Memory is not about the concerns and issues of the present but instead, a way of understanding, justifying, excusing or even subverting conditions of the present based off of the past.  Some groups may even start to popularize some events or individuals over others due to their ability of choice.  Public memory embraces that which the group thinks is important and worthy of preservation.  David Lowenthal suggests that “the prime function of memory…is not to preserve the past but to adapt it so as to enrich and manipulate the past… Memories are not readymade reflections of the past, but eclectic, selective reconstructions based on subsequent actions and perceptions and on ever-changing codes by which we delineate, symbolize, and classify the world around us” (Dickinson, p. 6).
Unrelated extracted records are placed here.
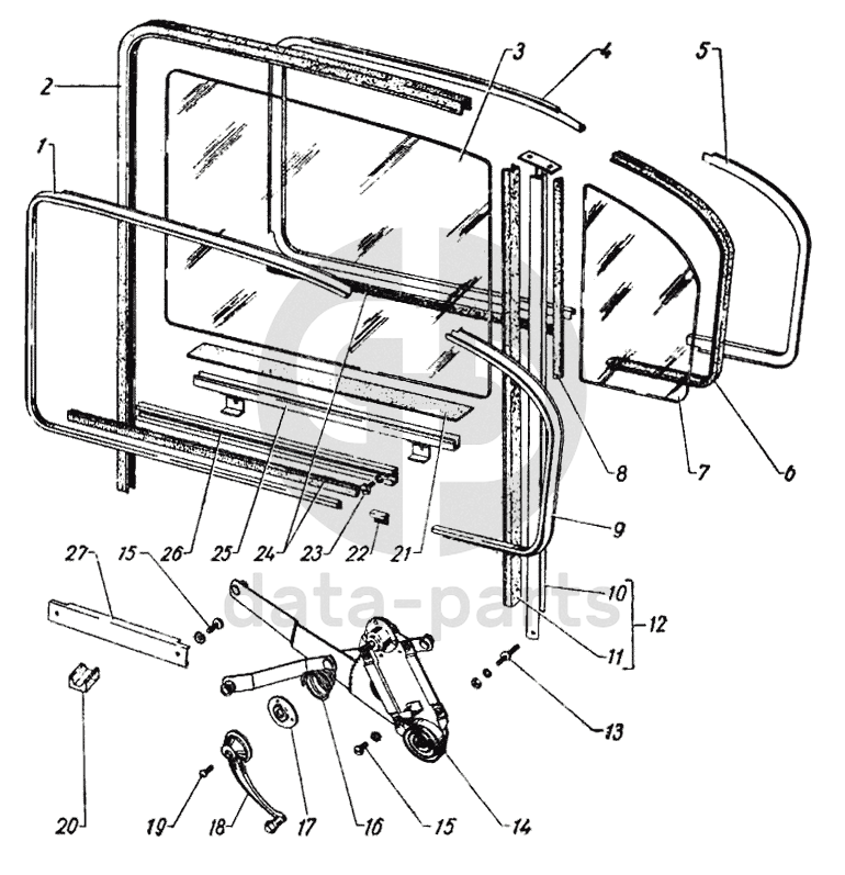Окно задней двери и механизм перемещения стекол ГАЗ-21
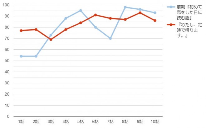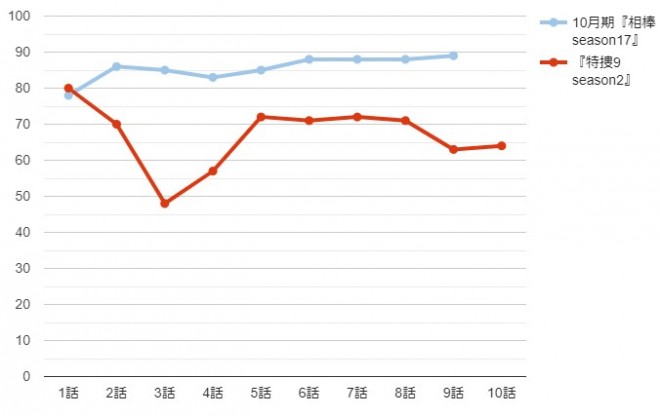 (1話)89 - 88 - 85 - 86 - 83 - 85 - 85 - 84 - 82 - 89(最終回)
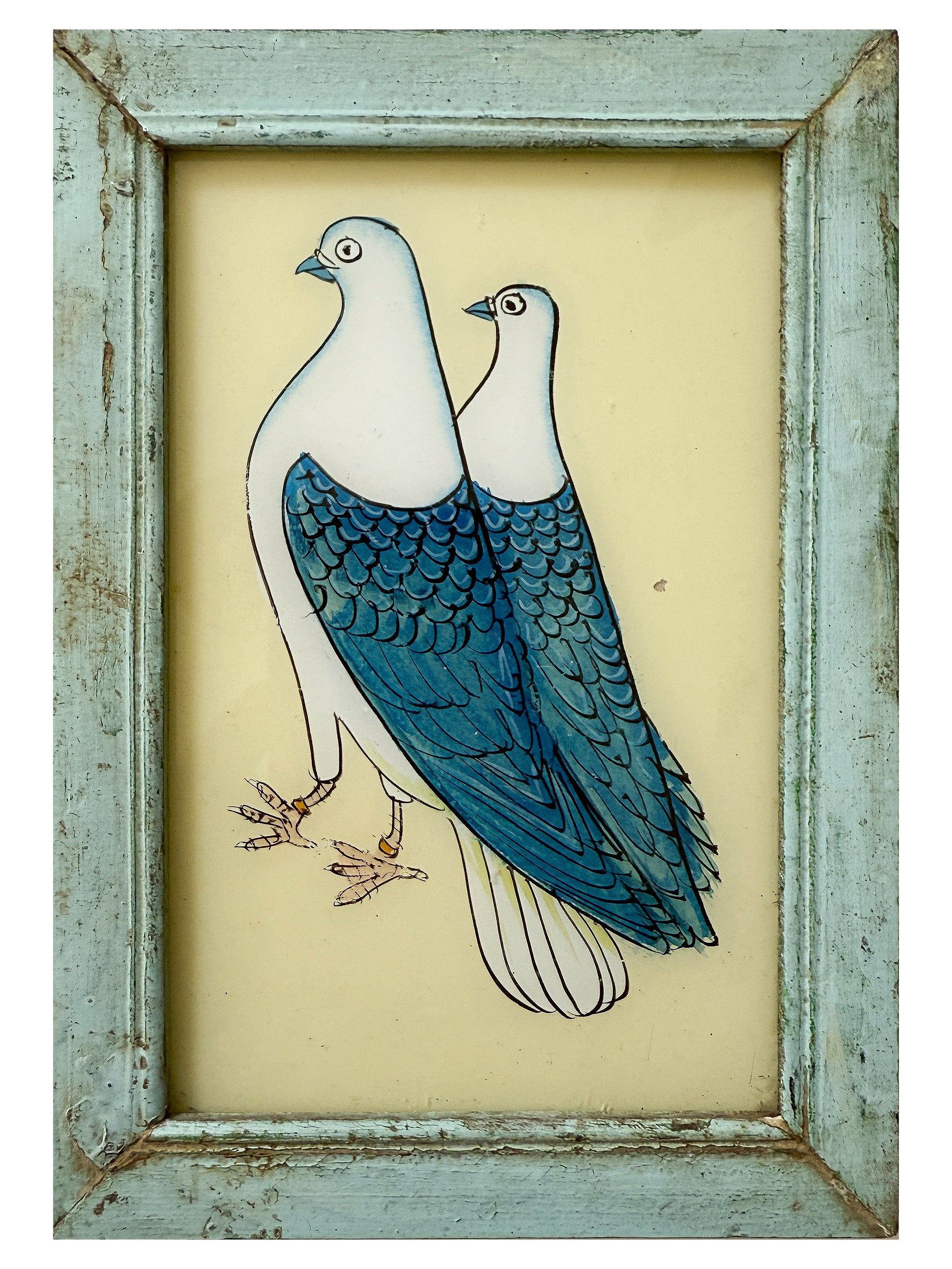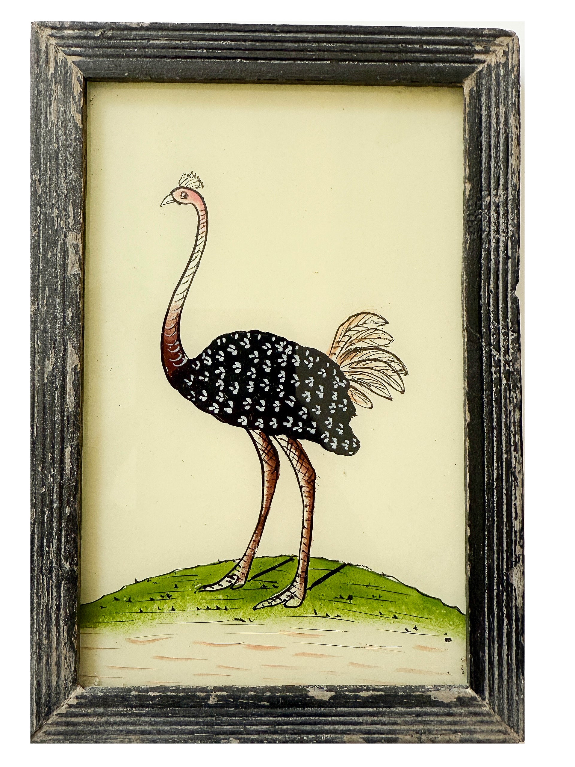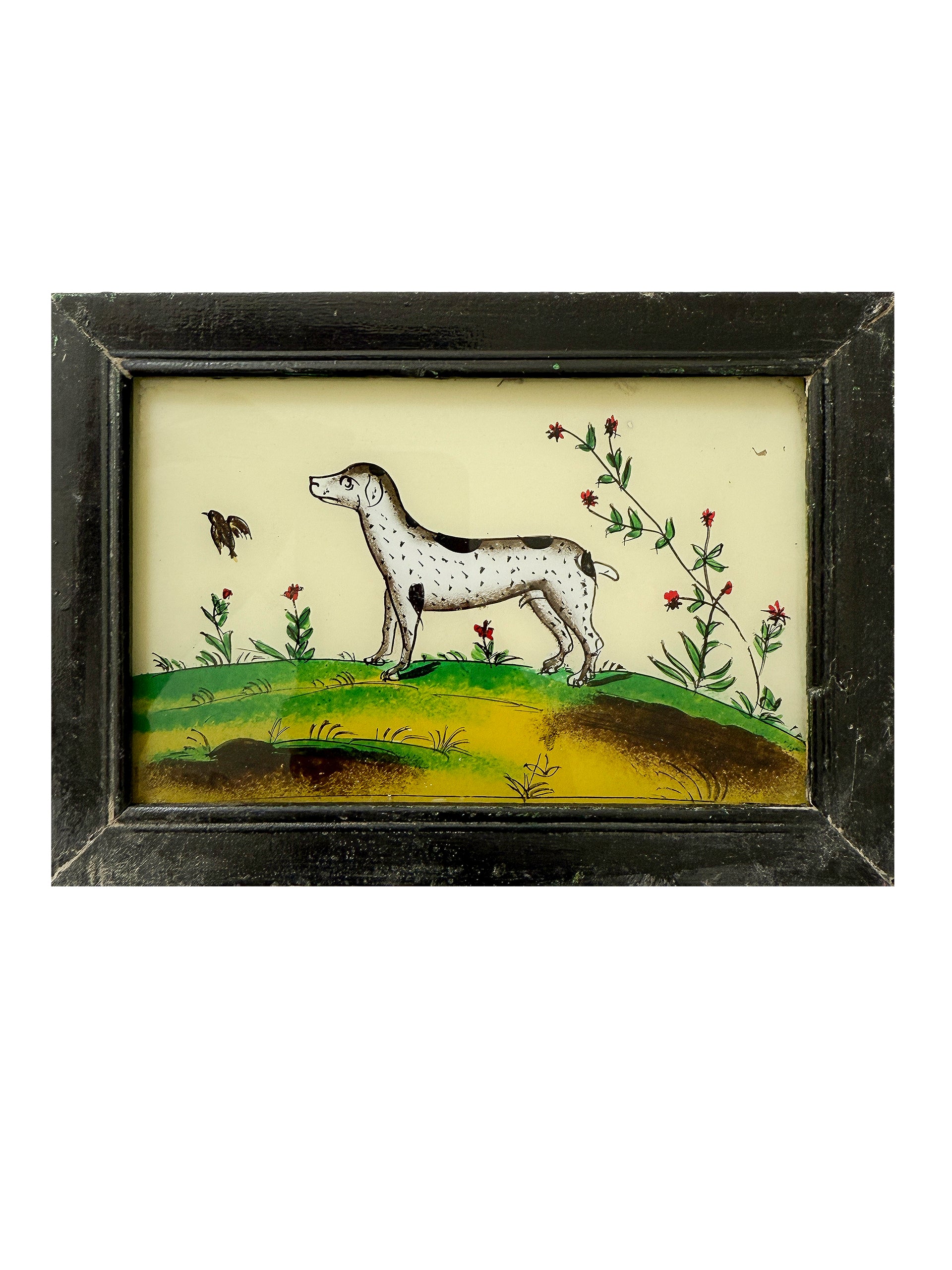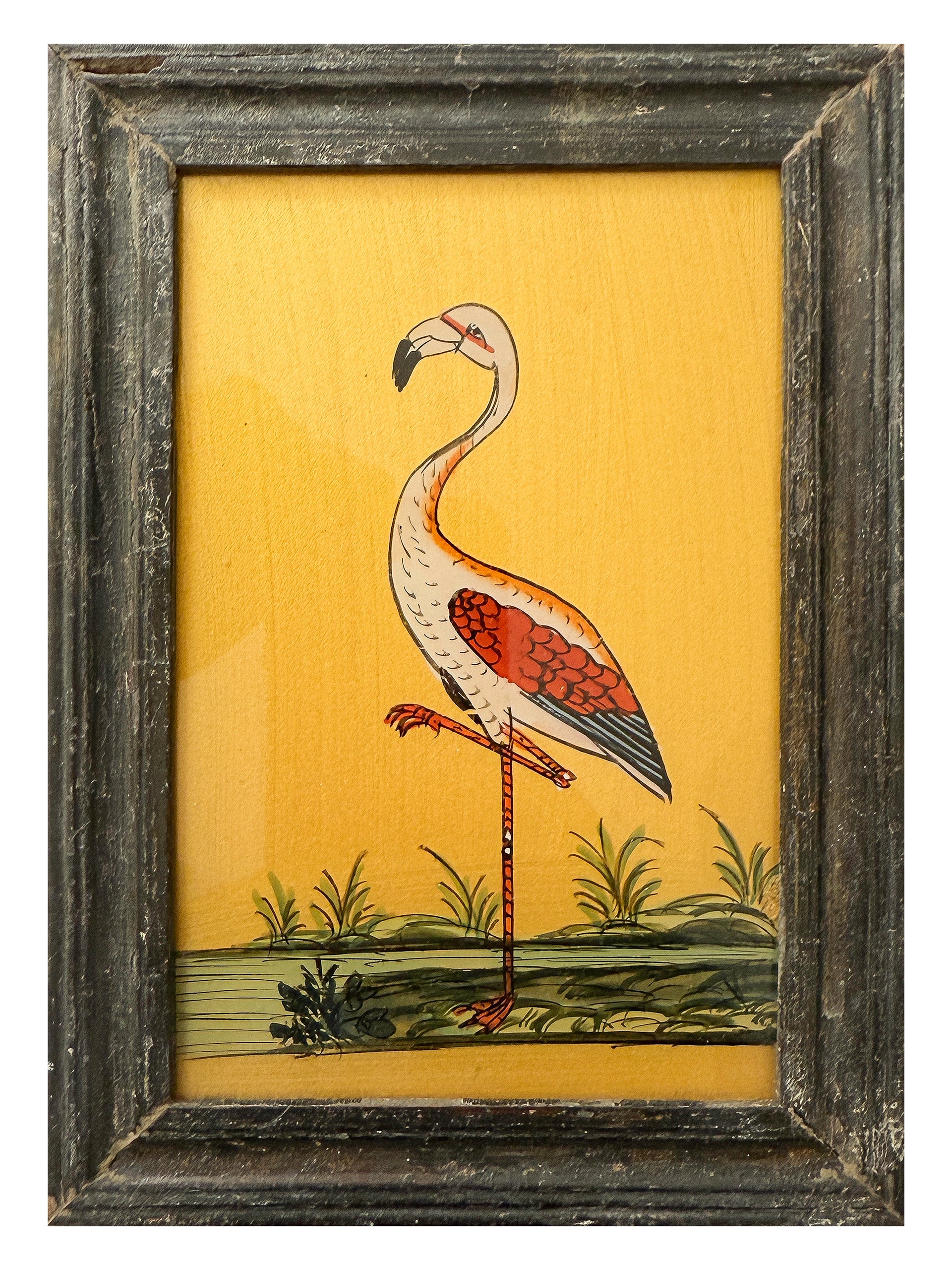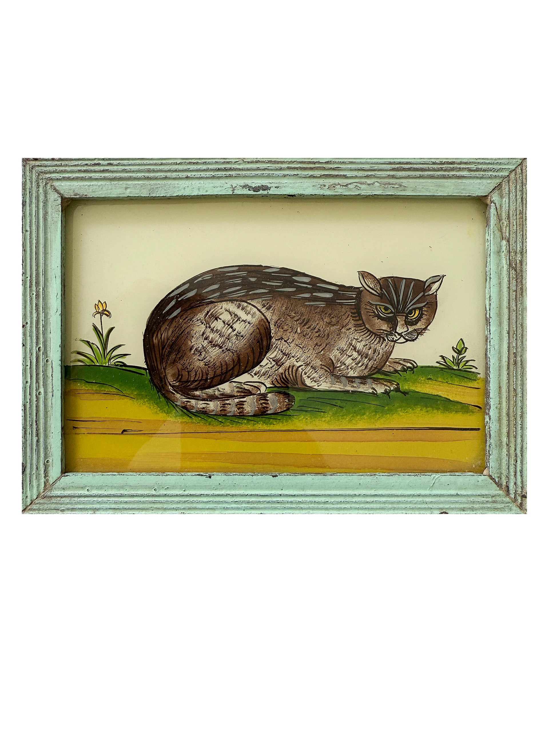 Elephant And Monkey In Yellow Frame - Small Glass Painting
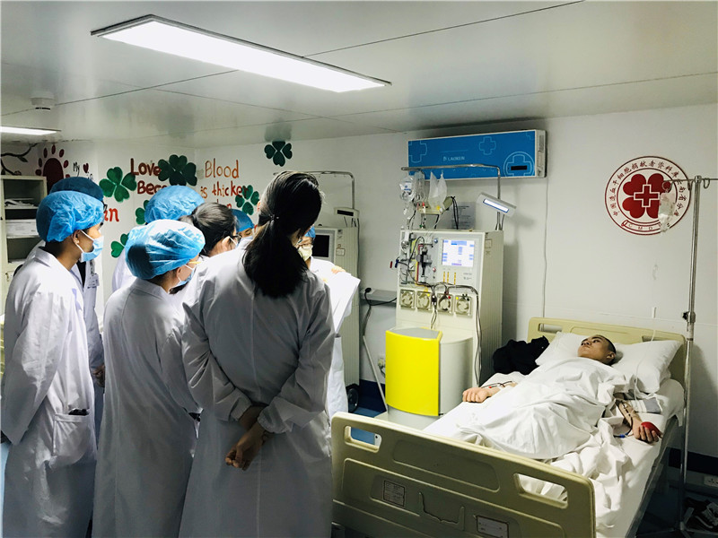 杨文润接受造血干细胞采集,医护人员陪同并观察。

Looking back at the sixth position of group memory, it is important to be able to recognize the differences between memory and history as two separate entities in addition to their connection to one another.  The differences and relationships between history and memory in Pierre Nora’s account has surely been the most cited by other scholars:

“Memory and history, far from being synonymous, are thus in many respects opposed.  Memory is life, always embodied in living societies and as such in permanent evolution, subject to the dialectic of remembering and forgetting, unconscious of the distortions to which it is subject, vulnerable in various ways to appropriation and manipulation, capable of lying dormant for long periods only to be suddenly reawakened.  History, on the other hand, is the reconstruction, always problematic and incomplete, of what is no longer.  Memory is always a phenomenon of the present, a bond tying us to the eternal present; history is a representation of the past.  Memory, being a phenomenon of emotion and magic, accommodates only those facts that suit it. It thrives on vague, telescoping reminiscences, on hazy general impressions or specific symbolic details… History, being an intellectual, non-religious activity, calls for analysis and critical discourse.  Memory situates remembrance in a sacred context.  History ferrets it out; it turns whatever it touches into prose… At the heart of history is a criticism destructive of spontaneous memory.” (Dickinson, p. 25)

While the distinction Nora draws on is not universally accepted, it does serve to mark out different tendencies that are frequently attributed to memory and history.  While some public memory scholars continue to look at the sharp distinction of representing the past like Nora, most public memory scholars are more likely to “embrace Marita Sturken’s far less stark delineation; she suggests that history and memory are ‘entangled,’ rather than comprising completely distinct activities”, memory has history (Dickinson, p. 26).

In the end, rather one believes that memory and history are joined at the hip or separated as individual entities, the result is still remains.  When looking at the violent past to help ensure a more peaceful future, both the memory of those who survived and the history written in books, serve as vital stories to help create the intelligence needed to forgive those who didn’t know, but never forget the pain of what happened.

*Sources:

Dickinson, Greg, Carole Blair, and Brian L Ott.  Places of Public Memory: The Rhetoric of Museums and Memorials. University of Alabama Press. 2010.

Lehrer, Erica and Cynthia E. Milton.  “Introduction”.  Curating Difficult Knowledge: Violent Pasts in Public Places.  St Martin’s Press LLC. 2011.